The question consumers are beginning to ask is - what the heck is the point in trusting someone who knows how to pry, and does it for their own benefit?

Prying v/s Constructive Investigation

Here's what: When a consumer walks into a digitally-run store today, which is virtually everywhere, he or she is aware about the outline of information they are giving away for convenient trading.

Now, you cannot deny that you simply give away your bank account number, details of items purchased, your name, perhaps even how many family members you have. If this seems to be scaring you, I am sorry you are eons away from the now.

What big data also does is support the "true caller" facility. Is that dangerous? Well, that's what any technology is potentially.

As powerful as it gets, like any other technology, big data is a potential gold mine, especially for people dependent on... 

  • Efficient networking
  • Sales targets
  • Market analysis
  • Market segmentation
  • Opening new markets
  • ... and a lot more!

Essentially, as a part of any organization, or in any job role, a healthy dose of networking is very advisable. That implies every worker today needs to get the view of the other side - is my product working? Is my client satisfied? Can I get more clients going the way I am? All these are important questions, and coming from diligent professionals. It would only be fair to argue that big data is an important utility system! Especially when everyone can get it...

Tuesday, October 8, 2013

Time to show some Expertise!

As a marketer, you can never offer too many choices... Watch this video and continue reading.

The idea of you getting confused about the choices at an apparel store is kind of obvious. So imagine someone who is given a choice between MPO/SEO/Prospecting/Lead Generation/Demand Generation/etc. And the bloke is a techie!

The best thing for a buyer is to know what is the best choice first, and advices are not always vices! Especially if you have a good reputation in the market.

So here's the advice of the week - STOP giving your customers a gamut of choices, and show some EXPERTISE in strategizing!

Thursday, October 3, 2013

Your Homework - First Gain the Trust

How far can you get with digital marketing if your brand is all messed up - unrecognized, unevenly branded, lacks concept, and ABOVE ALL, lacks the trust of the masses...

One has to understand that a technology or healthcare brand cannot survive with the brand having gained enough credibility. As a result, there have been a large number of trust building campaigns coming from the tycoons if you remember ads in the late 1990s and the last decade. They were frequently seen flying around in magazines, and that's what adds to the share value. That's an immense advantage for companies banking on public investment to build, test and sell advanced technology-driven solutions.

The crux of any marketing failure lies in brandishing a brand that has gained very little or no trust as yet.

You may spend thousands of dollars on a single advertising collateral, but nobody really gives a damn whether or not you have some swanky solution... unless it can be blindly trusted.

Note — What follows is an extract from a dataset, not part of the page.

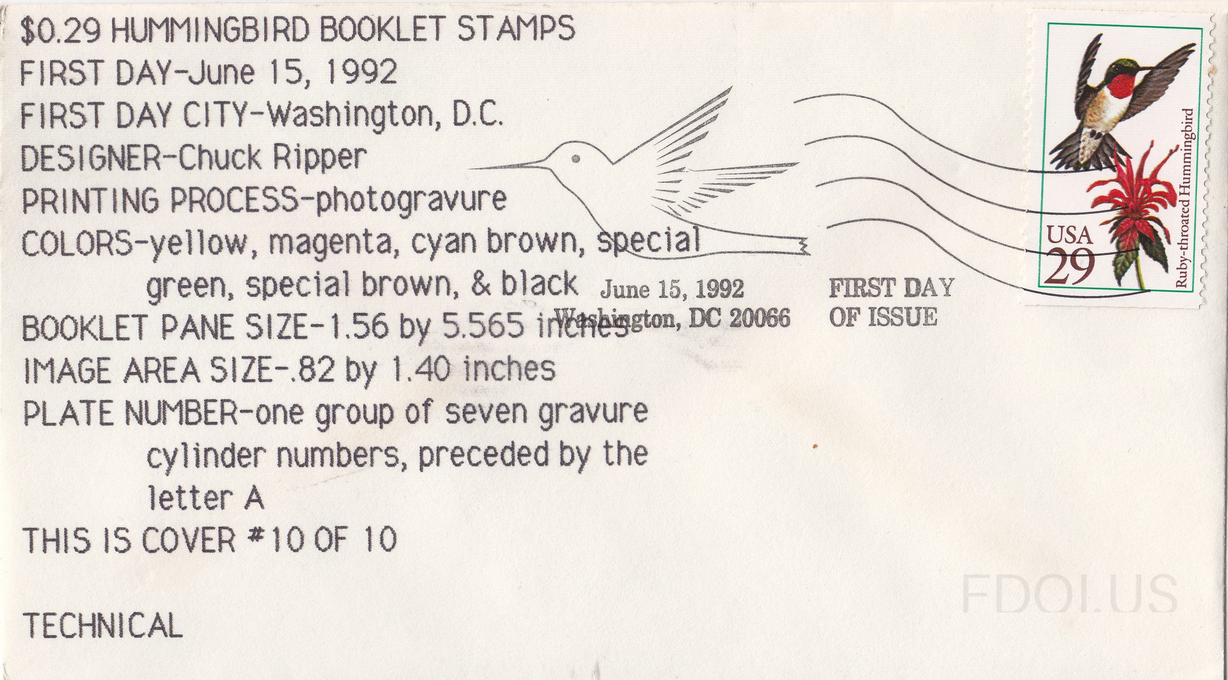 This First Day Cover features a minimalist line-drawn hummingbird cachet that complements the vibrant photogravure stamp depicting a ruby-throated hummingbird hovering near a red flower. Issued by Technical Cachets and postmarked June 15, 1992 in Washington, DC, this cover is number 10 of a 10-cover series and includes extensive technical philatelic notation. The cover celebrates the 1992 Hummingbird Booklet series, designed by Chuck Ripper.
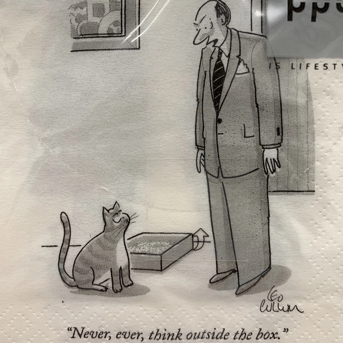 New Yorker Cat Cartoon Never Ever Think Outside the Box Paper Napkins Leo Cullum | eBay

So here's your homework today -

  1. Find out whose trust you mainly need to gain
  2. Figure out a way to find out a maximum number of them
  3. Do a research on their fears, apprehensions and understanding of the market
  4. Create a campaign after you have some sure answers

There you are! Fantastically poised in gaining the trust of  your consumers, the confidence of your distributors, and the admiration of your employees... by just following a copybook method!!!